Genomic Engineering of Oral Keratinocytes to Establish In Vitro Oral Potentially Malignant Disease Models as a Platform for Treatment Investigation

by Leon J. Wils 1,2,3,4,5, Marijke Buijze 2,5, Marijke Stigter-van Walsum 2,5, Arjen Brink 2,5, Britt E. van Kempen 2,5, Laura Peferoen 3, Elisabeth R. Brouns 1,4, Jan G. A. M. de Visscher 1,4, Erik H. van der Meij 1,4, Elisabeth Bloemena 1,2,4,5, Jos B. Poell 2,5,† and Ruud H. Brakenhoff 2,5,*,†
Reviewer 1:
Reviewer 2: Anonymous
Submission received: 28 February 2024 / Revised: 11 April 2024 / Accepted: 16 April 2024 / Published: 19 April 2024
(This article belongs to the Special Issue Oral Diseases: Biological and Molecular Pathogenesis)

Round 1

Reviewer 1 Report

Comments and Suggestions for Authors

The manuscript by Wils et al. established several cell culture models to be used in drug screening in oral cancer.  The reviewer is amazed by the work performed in this study, and the meticulous analysis of the cell cultures and the pharmacological testing.

Minor comments:

Dispase was for 4 hr at RT+ 15 min at 37 ? please re-check (line 150-3)

Please confirm that the cells were not grown on coated plates? 

the selection of the inhibitors and the division between supplemented figures and the main text is not obvious and explanation to the readers is in order

replace lines  616 -618 "This section may be...." to a short summary of that part 

 

 

  

Author Response

Dear Sir/Madam,

We thank Reviewer 1 for the time spent reading our manuscript and providing relevant comments. Below we have provided a point to point answer for each individual comment.

 

Reviewer #1:

The manuscript by Wils et al. established several cell culture models to be used in drug screening in oral cancer.  The reviewer is amazed by the work performed in this study, and the meticulous analysis of the cell cultures and the pharmacological testing.

 

Minor comments:

Dispase was for 4 hr at RT+ 15 min at 37 ? please re-check (line 150-3)

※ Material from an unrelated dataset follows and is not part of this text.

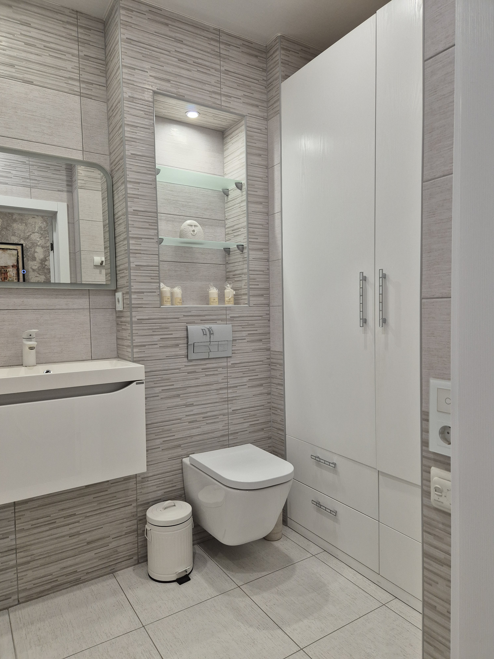 - в сан узлах - плитка, новая сантехника, в сан узле установлена система тёплый пол и т.д.

This is correct. The 4 hours RT is used for dispase diffusion in the tissue and the 15 minutes at 37°C is used for activation of the dispase. For clarification, we have modified the following sentences in the Materials and Methods, Processing of oral leukoplakia and tumor adjacent biopsies section, page 4, lines 149-154:

“Surgically removed fresh OL and tumor-adjacent biopsies were cut into smaller pieces (depending on biopsy size) and transferred to a 1X Dispase II (cat. no. 4942078001, Roche, Basel, Switzerland) and phosphate-buffered saline (PBS, cat. no. BE17-517Q, Lonza, Verviers, Belgium) solution and incubated at room temperature (RT) for 4 hours to allow diffusion. Subsequently, the vial was incubated at 37°C for 15 minutes to activate the dispase and to allow separation of the mucosal epithelium and submucosal layers.”

 

Please confirm that the cells were not grown on coated plates?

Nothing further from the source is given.